From: David Jander <david.jander@protonic.nl>
To: Josh Boyer <jwboyer@linux.vnet.ibm.com>
Cc: munroesj@us.ibm.com, John Rigby <jrigby@freescale.com>,
	Gunnar Von Boehn <gunnar@genesi-usa.com>,
	linuxppc-dev@ozlabs.org, Paul Mackerras <paulus@samba.org>,
	prodyut hazarika <prodyuth@gmail.com>
Subject: Re: Efficient memcpy()/memmove() for G2/G3 cores...
Date: Thu, 4 Sep 2008 14:59:27 +0200	[thread overview]
Message-ID: <200809041459.27606.david.jander@protonic.nl> (raw)
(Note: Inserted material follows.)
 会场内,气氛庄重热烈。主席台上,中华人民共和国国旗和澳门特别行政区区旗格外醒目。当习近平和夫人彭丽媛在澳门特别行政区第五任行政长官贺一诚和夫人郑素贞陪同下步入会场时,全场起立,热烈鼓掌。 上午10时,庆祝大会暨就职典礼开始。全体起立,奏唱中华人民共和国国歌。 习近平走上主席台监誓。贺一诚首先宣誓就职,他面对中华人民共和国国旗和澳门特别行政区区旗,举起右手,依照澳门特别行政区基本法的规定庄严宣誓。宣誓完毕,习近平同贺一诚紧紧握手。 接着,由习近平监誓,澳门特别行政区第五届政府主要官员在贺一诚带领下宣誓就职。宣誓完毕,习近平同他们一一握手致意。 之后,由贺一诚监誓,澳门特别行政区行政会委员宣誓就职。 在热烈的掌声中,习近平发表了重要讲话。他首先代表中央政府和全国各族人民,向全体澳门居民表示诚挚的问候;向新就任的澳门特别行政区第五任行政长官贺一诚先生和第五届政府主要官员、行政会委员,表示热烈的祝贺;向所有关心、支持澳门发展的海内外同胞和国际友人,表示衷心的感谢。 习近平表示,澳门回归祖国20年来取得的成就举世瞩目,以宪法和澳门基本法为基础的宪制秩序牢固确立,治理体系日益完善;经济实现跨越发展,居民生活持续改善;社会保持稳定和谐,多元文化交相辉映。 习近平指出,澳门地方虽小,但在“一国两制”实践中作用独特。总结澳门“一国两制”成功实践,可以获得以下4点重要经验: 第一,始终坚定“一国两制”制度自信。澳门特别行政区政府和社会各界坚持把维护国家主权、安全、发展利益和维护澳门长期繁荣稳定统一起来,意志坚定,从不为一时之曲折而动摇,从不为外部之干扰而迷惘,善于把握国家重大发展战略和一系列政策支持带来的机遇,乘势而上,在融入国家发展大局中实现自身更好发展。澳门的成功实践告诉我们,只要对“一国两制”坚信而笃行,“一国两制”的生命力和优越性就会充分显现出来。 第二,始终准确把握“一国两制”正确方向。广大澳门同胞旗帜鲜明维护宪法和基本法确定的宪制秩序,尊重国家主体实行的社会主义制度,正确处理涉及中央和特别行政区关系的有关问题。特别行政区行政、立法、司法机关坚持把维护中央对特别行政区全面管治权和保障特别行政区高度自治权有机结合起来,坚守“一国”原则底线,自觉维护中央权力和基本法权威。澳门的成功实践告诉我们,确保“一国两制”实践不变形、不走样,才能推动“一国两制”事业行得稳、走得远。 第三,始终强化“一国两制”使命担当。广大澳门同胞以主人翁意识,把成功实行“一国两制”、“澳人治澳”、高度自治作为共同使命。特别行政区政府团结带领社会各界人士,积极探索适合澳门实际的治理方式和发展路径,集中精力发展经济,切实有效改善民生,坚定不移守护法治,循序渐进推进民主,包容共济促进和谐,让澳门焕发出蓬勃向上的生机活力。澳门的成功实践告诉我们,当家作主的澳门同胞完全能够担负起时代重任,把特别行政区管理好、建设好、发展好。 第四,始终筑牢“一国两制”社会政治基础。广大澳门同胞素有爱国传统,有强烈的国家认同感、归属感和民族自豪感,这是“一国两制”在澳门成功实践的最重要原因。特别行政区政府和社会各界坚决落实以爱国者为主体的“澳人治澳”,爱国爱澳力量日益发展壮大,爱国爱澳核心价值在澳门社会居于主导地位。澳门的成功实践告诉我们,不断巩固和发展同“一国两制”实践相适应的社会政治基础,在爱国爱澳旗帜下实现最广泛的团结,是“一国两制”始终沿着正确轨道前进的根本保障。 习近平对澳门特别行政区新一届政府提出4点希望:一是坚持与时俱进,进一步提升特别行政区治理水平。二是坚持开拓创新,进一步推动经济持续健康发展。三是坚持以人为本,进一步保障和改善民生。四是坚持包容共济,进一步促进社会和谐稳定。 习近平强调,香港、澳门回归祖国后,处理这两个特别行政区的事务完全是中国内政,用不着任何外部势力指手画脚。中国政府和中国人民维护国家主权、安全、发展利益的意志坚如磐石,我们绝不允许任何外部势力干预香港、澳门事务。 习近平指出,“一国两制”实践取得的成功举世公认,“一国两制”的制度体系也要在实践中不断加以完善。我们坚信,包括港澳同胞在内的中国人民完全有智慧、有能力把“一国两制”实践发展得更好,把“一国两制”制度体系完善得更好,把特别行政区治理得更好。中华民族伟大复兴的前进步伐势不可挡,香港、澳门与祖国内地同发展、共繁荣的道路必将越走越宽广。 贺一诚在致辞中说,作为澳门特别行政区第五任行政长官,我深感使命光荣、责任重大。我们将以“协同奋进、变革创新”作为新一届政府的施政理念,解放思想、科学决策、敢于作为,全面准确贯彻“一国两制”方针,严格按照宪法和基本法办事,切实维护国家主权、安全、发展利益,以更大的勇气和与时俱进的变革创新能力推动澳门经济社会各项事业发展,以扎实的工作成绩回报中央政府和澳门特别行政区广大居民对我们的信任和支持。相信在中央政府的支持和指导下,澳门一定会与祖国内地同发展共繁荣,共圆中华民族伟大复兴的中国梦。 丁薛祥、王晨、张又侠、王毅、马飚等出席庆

In-Reply-To: <20080904121926.GA12867@yoda.jdub.homelinux.org>

On Thursday 04 September 2008 14:19:26 Josh Boyer wrote:
>[...]
> >$ ./memcpyspeed
> >Fully aligned:
> >100000 chunks of 5 bytes   :  3.48 Mbyte/s ( throughput:  6.96 Mbytes/s)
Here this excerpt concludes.